Collected data entries:
--------------------
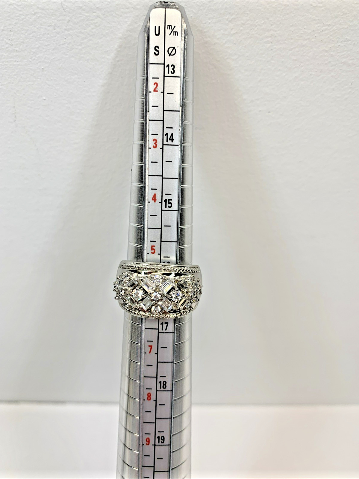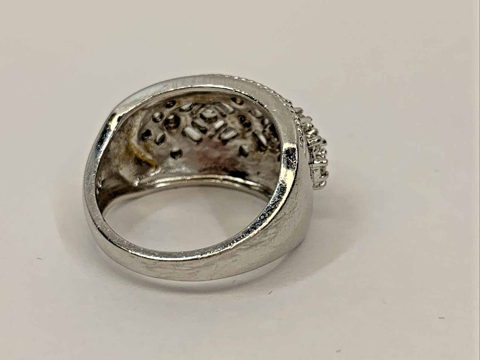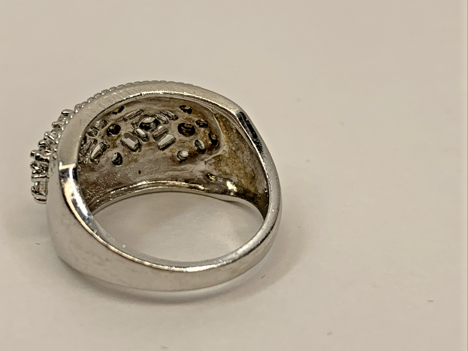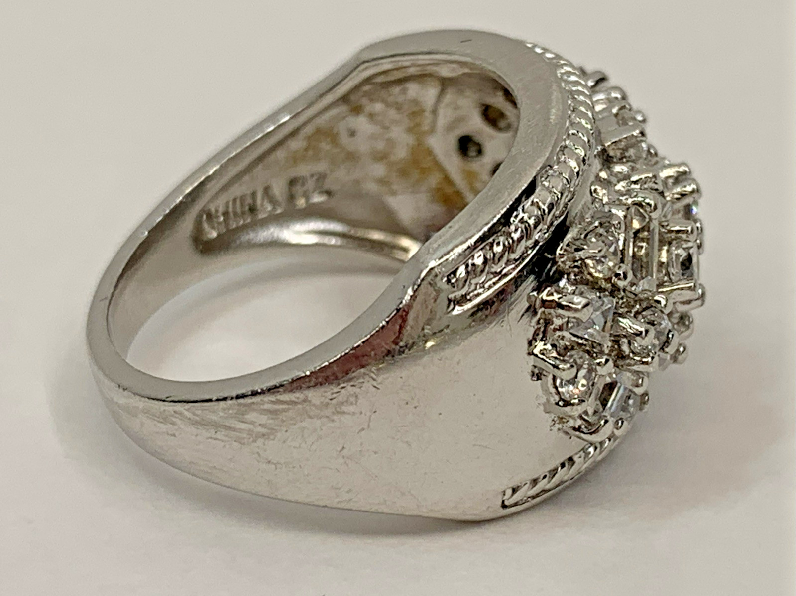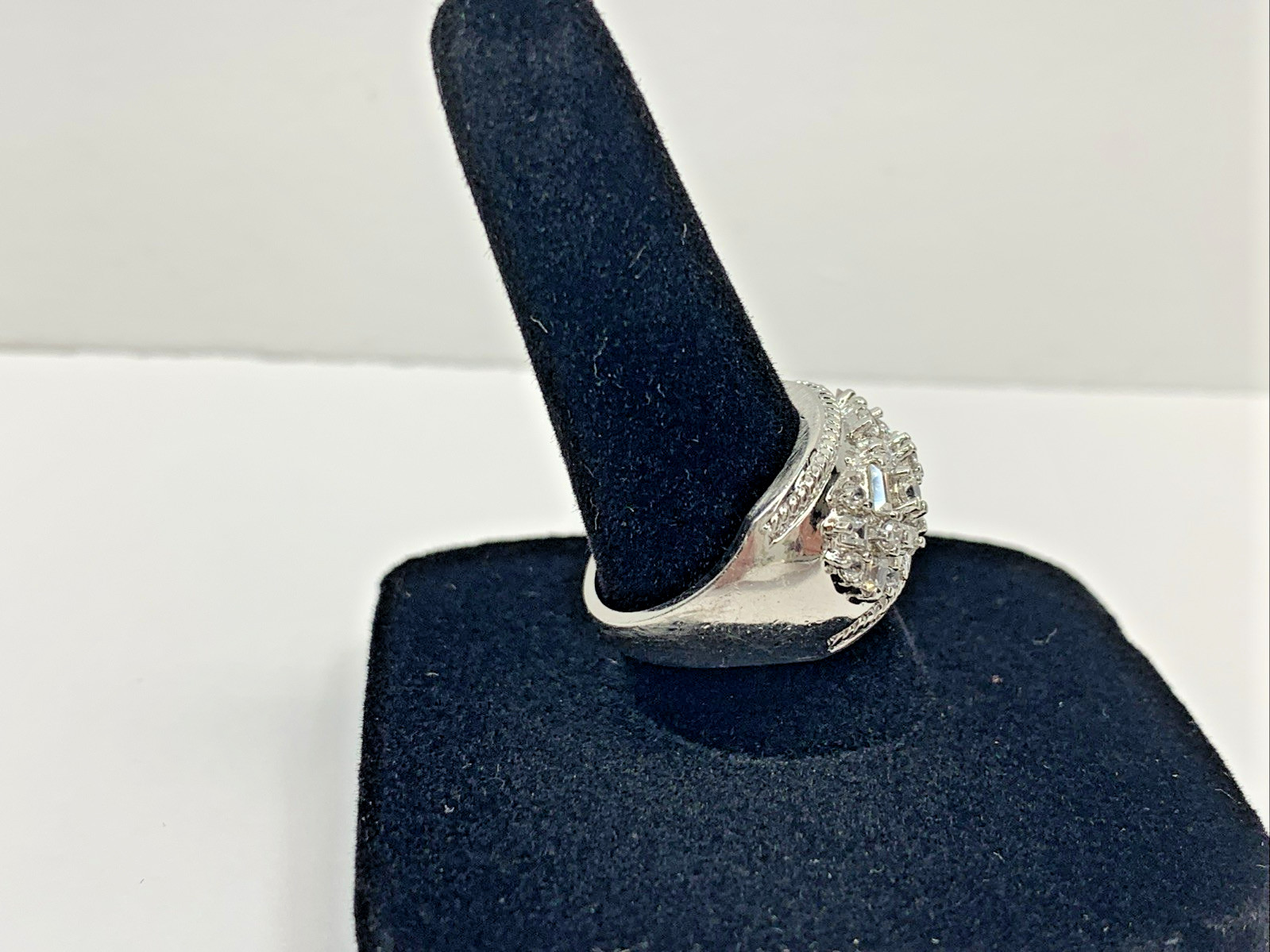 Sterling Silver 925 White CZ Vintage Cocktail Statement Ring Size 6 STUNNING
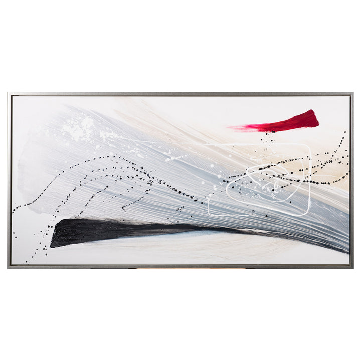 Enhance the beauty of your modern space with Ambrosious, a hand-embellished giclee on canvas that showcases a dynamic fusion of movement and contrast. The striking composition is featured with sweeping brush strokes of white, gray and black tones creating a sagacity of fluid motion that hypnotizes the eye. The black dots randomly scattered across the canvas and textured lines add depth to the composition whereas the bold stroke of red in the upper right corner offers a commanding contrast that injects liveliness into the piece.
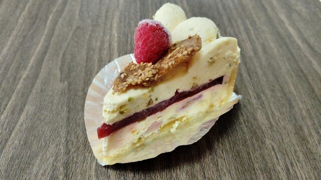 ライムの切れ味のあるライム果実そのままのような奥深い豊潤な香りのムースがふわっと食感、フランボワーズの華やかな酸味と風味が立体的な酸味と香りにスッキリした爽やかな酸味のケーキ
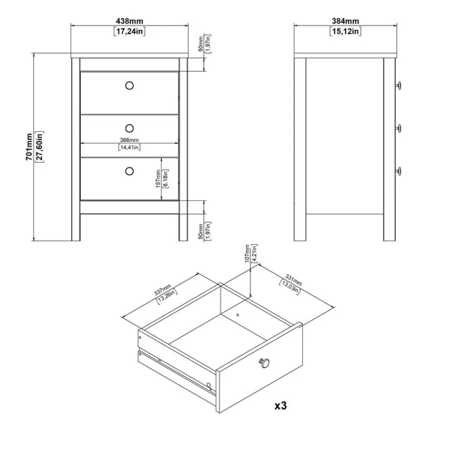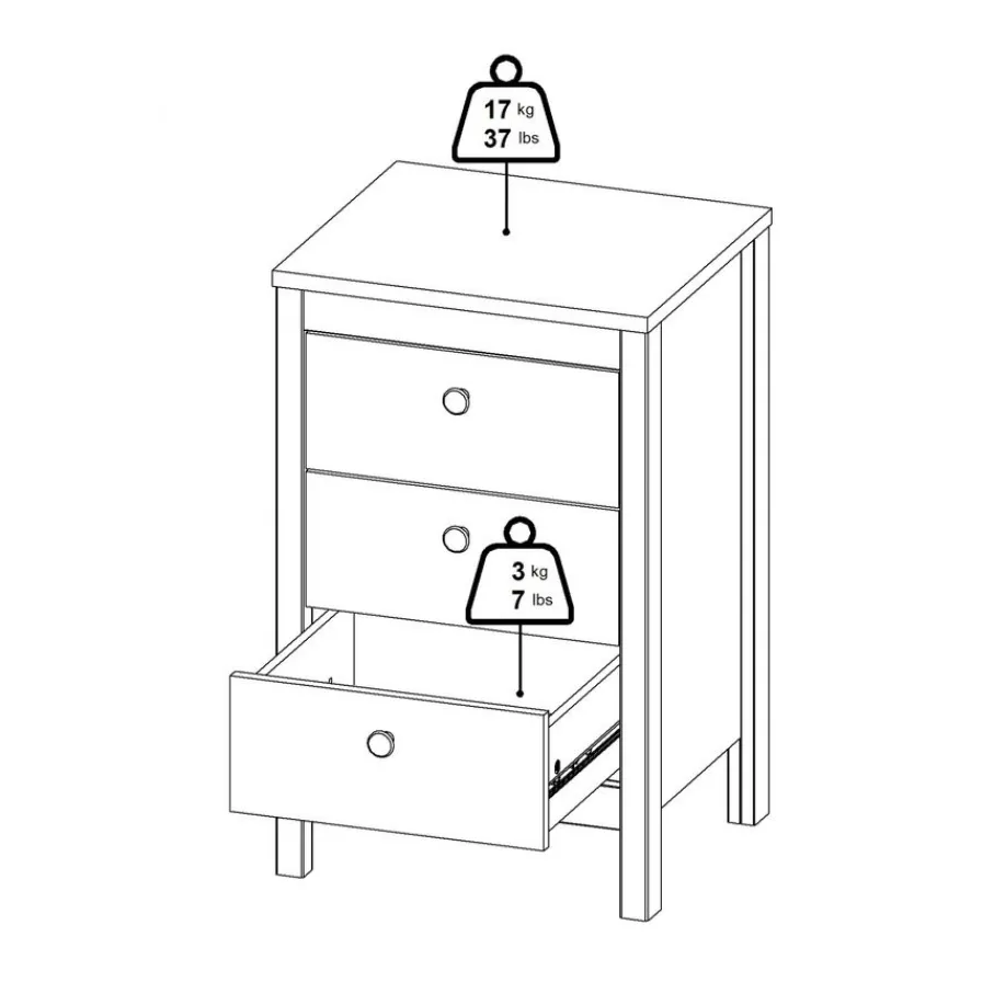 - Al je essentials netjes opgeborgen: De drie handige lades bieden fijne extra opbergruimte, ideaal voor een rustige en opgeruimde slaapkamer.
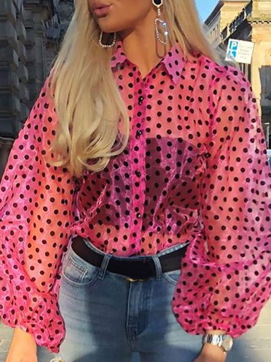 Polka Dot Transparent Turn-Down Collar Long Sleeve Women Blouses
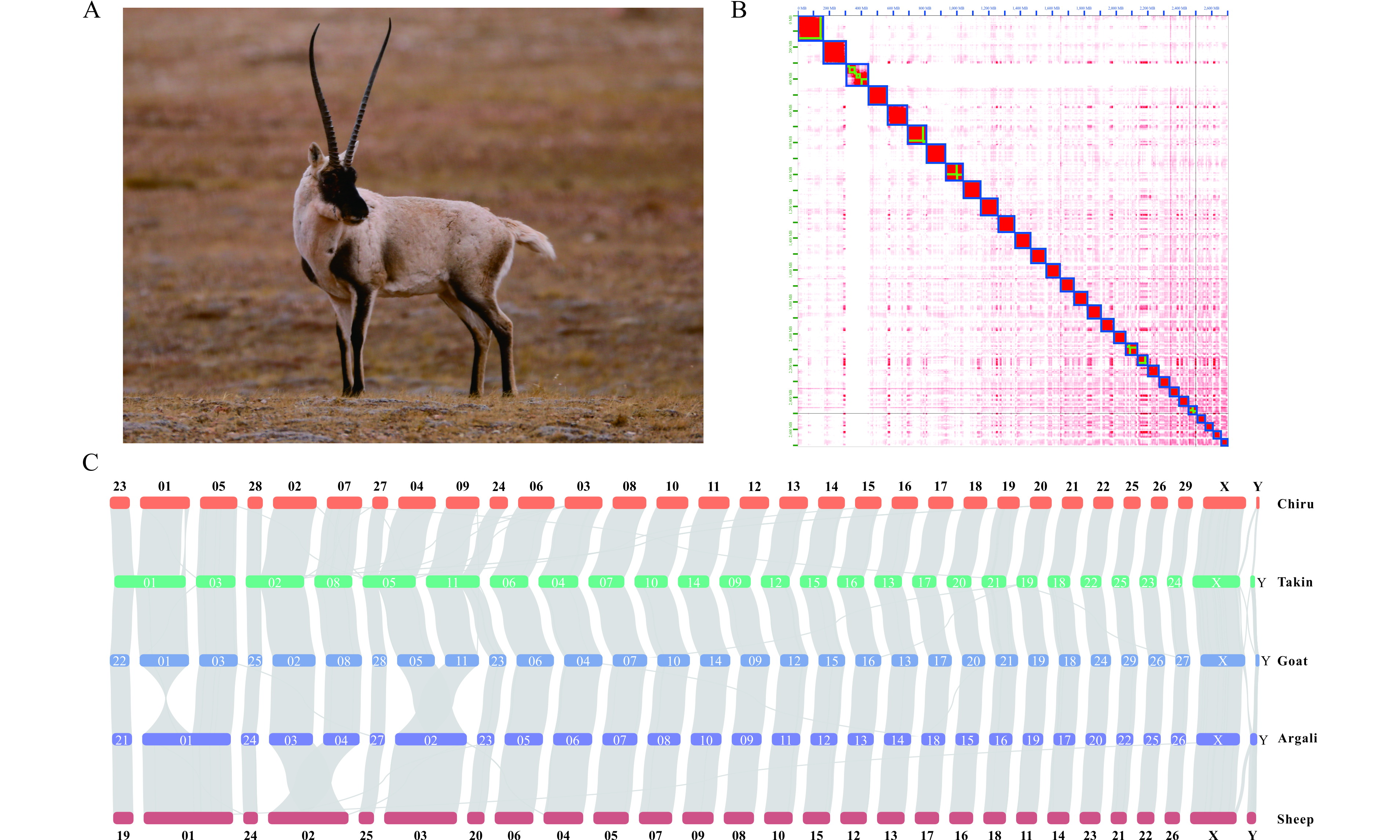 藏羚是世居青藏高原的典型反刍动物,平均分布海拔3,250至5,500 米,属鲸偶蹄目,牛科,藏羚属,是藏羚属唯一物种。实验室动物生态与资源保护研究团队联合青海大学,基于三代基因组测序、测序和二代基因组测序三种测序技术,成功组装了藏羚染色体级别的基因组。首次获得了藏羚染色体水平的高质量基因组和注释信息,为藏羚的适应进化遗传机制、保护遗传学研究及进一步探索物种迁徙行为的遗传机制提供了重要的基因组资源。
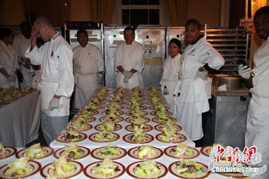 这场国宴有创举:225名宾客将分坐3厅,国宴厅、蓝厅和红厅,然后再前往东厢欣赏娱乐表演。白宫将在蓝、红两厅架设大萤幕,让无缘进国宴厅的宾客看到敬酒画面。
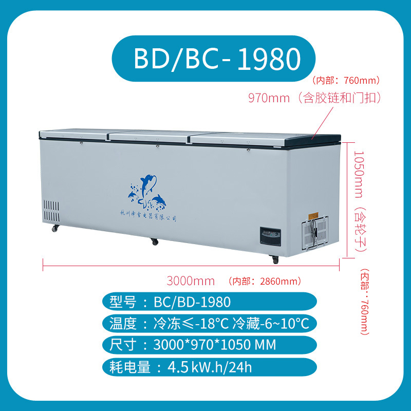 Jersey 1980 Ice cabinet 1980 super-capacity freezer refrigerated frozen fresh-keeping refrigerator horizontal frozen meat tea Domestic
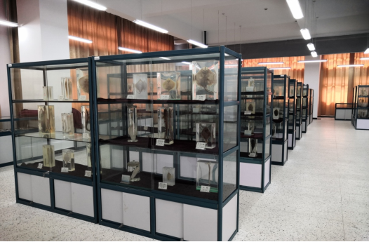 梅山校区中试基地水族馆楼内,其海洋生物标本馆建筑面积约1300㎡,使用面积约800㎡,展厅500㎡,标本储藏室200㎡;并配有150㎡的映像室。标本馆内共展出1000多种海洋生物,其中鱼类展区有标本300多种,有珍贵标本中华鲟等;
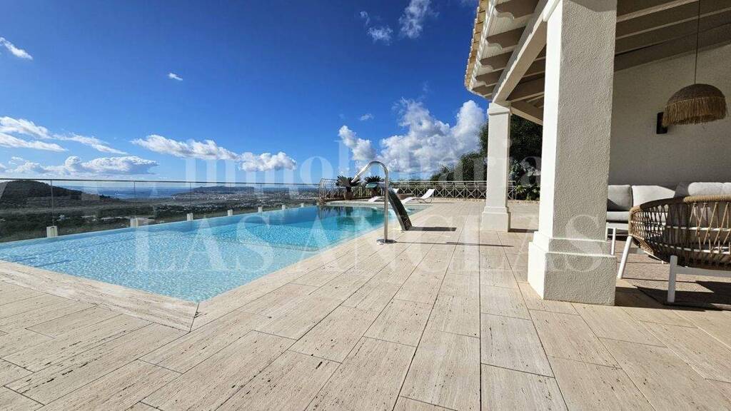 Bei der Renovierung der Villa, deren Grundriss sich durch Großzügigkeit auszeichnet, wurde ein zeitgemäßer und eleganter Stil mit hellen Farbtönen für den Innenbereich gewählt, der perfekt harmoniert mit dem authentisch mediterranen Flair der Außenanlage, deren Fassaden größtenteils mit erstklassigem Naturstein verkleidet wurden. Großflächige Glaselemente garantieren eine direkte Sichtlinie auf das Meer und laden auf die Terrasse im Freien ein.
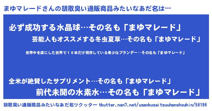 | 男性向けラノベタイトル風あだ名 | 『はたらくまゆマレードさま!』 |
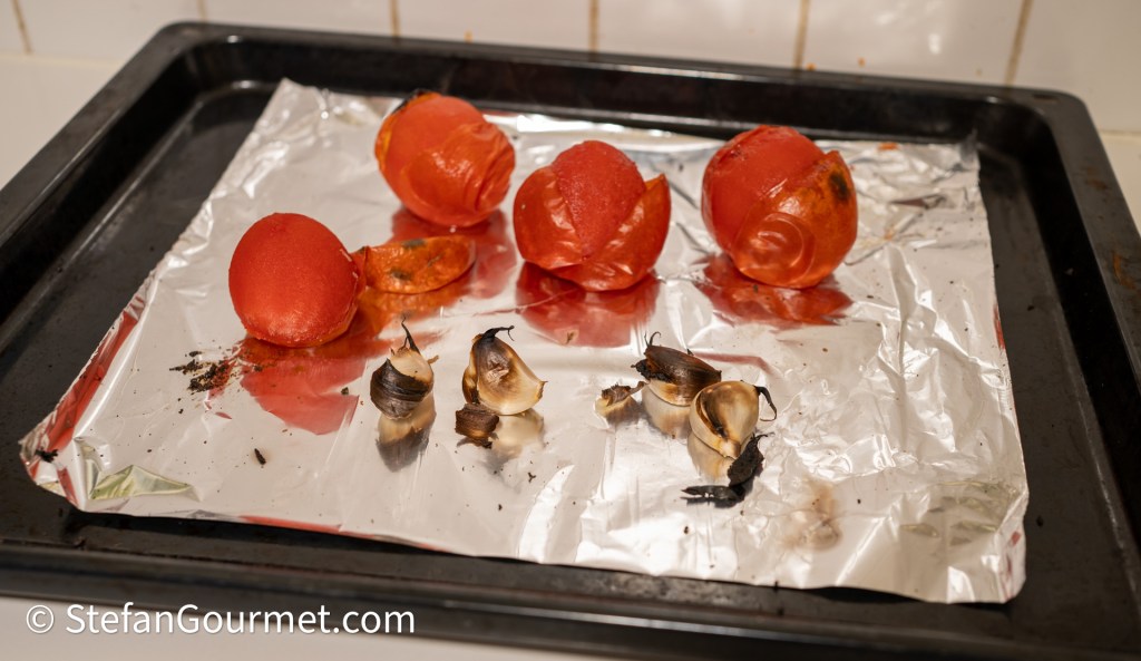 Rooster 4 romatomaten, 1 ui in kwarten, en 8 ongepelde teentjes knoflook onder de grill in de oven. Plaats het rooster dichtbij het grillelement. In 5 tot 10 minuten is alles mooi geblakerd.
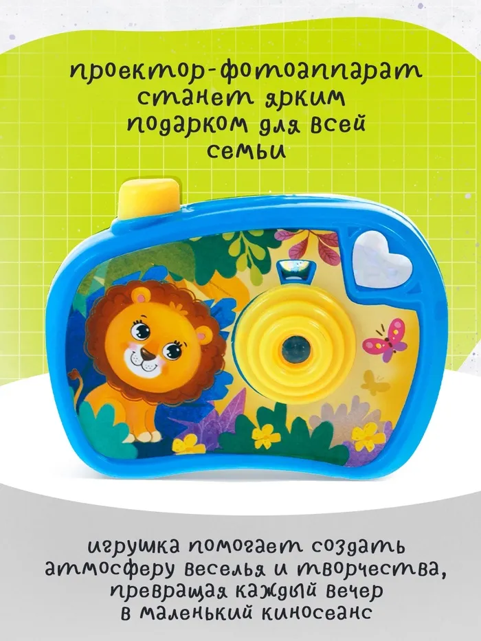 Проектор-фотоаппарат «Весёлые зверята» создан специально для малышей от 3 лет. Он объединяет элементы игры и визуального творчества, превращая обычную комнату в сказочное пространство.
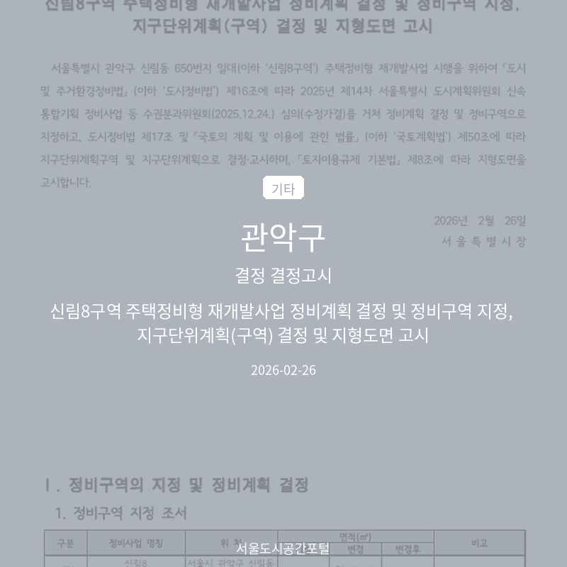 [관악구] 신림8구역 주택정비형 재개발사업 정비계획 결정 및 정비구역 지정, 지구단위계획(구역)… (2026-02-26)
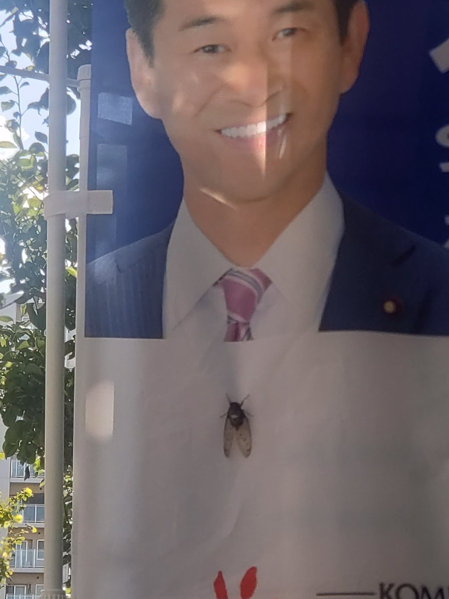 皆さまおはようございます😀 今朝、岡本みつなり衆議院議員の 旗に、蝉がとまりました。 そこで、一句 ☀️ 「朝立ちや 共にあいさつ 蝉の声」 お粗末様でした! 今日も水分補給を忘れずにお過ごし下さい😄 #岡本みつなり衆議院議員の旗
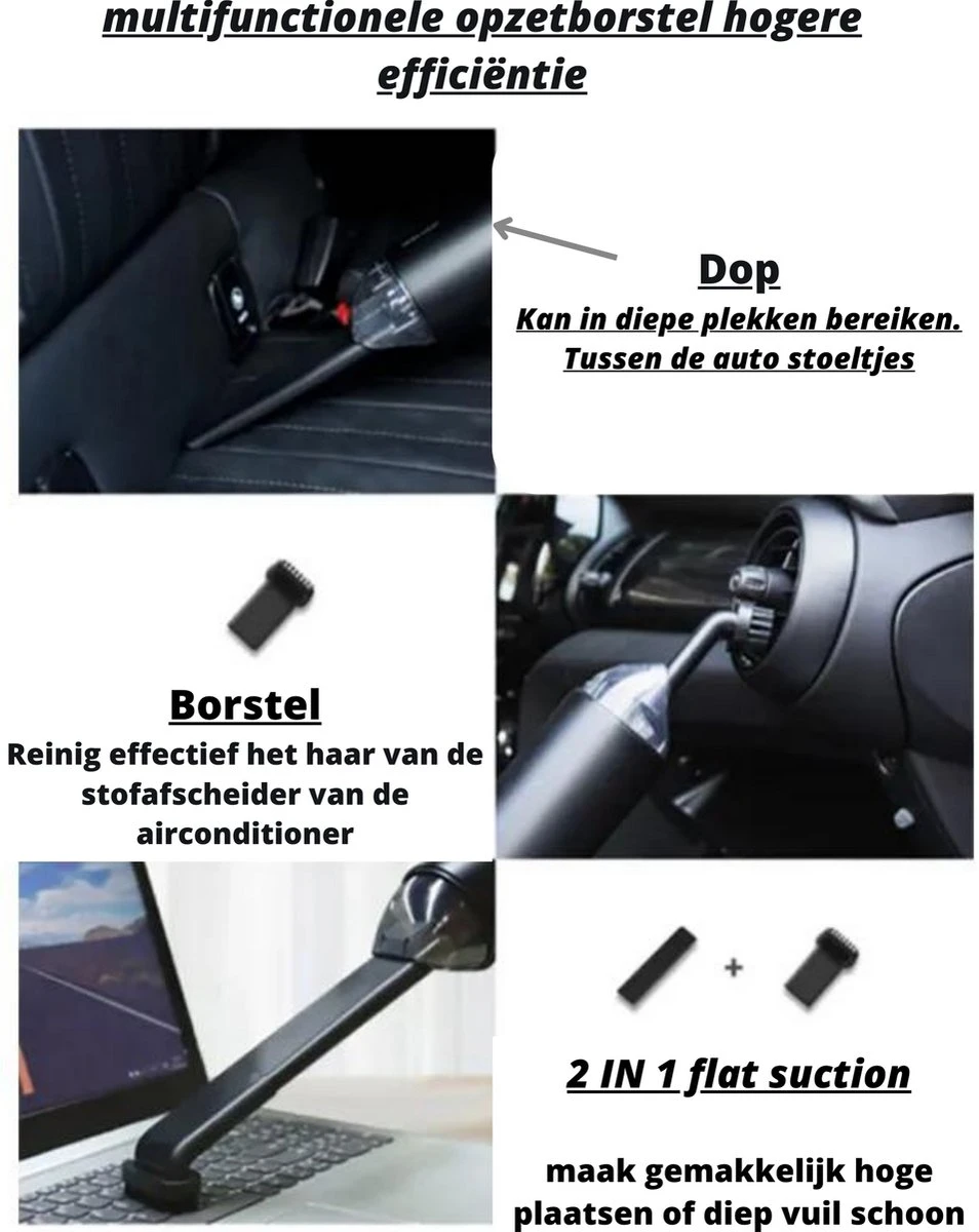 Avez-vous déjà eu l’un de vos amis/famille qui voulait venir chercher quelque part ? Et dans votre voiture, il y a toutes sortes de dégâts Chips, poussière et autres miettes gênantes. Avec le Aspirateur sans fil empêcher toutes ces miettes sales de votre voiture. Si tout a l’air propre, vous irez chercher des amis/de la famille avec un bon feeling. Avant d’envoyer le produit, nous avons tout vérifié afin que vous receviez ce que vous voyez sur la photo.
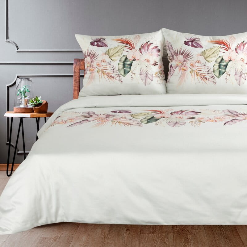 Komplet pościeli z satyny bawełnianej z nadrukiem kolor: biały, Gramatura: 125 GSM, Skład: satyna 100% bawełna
--------------------
Instructions to follow:
Could you repeat, exactly, only the lines above starting at the one that has "ライムの切れ味のあるライム果" and stopping after the one that has "Bei der Renovierung", without the pictures?

Response to the task:
 ライムの切れ味のあるライム果実そのままのような奥深い豊潤な香りのムースがふわっと食感、フランボワーズの華やかな酸味と風味が立体的な酸味と香りにスッキリした爽やかな酸味のケーキ
 - Al je essentials netjes opgeborgen: De drie handige lades bieden fijne extra opbergruimte, ideaal voor een rustige en opgeruimde slaapkamer.
 Polka Dot Transparent Turn-Down Collar Long Sleeve Women Blouses
 藏羚是世居青藏高原的典型反刍动物,平均分布海拔3,250至5,500 米,属鲸偶蹄目,牛科,藏羚属,是藏羚属唯一物种。实验室动物生态与资源保护研究团队联合青海大学,基于三代基因组测序、测序和二代基因组测序三种测序技术,成功组装了藏羚染色体级别的基因组。首次获得了藏羚染色体水平的高质量基因组和注释信息,为藏羚的适应进化遗传机制、保护遗传学研究及进一步探索物种迁徙行为的遗传机制提供了重要的基因组资源。
 这场国宴有创举:225名宾客将分坐3厅,国宴厅、蓝厅和红厅,然后再前往东厢欣赏娱乐表演。白宫将在蓝、红两厅架设大萤幕,让无缘进国宴厅的宾客看到敬酒画面。
 Jersey 1980 Ice cabinet 1980 super-capacity freezer refrigerated frozen fresh-keeping refrigerator horizontal frozen meat tea Domestic
 梅山校区中试基地水族馆楼内,其海洋生物标本馆建筑面积约1300㎡,使用面积约800㎡,展厅500㎡,标本储藏室200㎡;并配有150㎡的映像室。标本馆内共展出1000多种海洋生物,其中鱼类展区有标本300多种,有珍贵标本中华鲟等;
 Bei der Renovierung der Villa, deren Grundriss sich durch Großzügigkeit auszeichnet, wurde ein zeitgemäßer und eleganter Stil mit hellen Farbtönen für den Innenbereich gewählt, der perfekt harmoniert mit dem authentisch mediterranen Flair der Außenanlage, deren Fassaden größtenteils mit erstklassigem Naturstein verkleidet wurden. Großflächige Glaselemente garantieren eine direkte Sichtlinie auf das Meer und laden auf die Terrasse im Freien ein.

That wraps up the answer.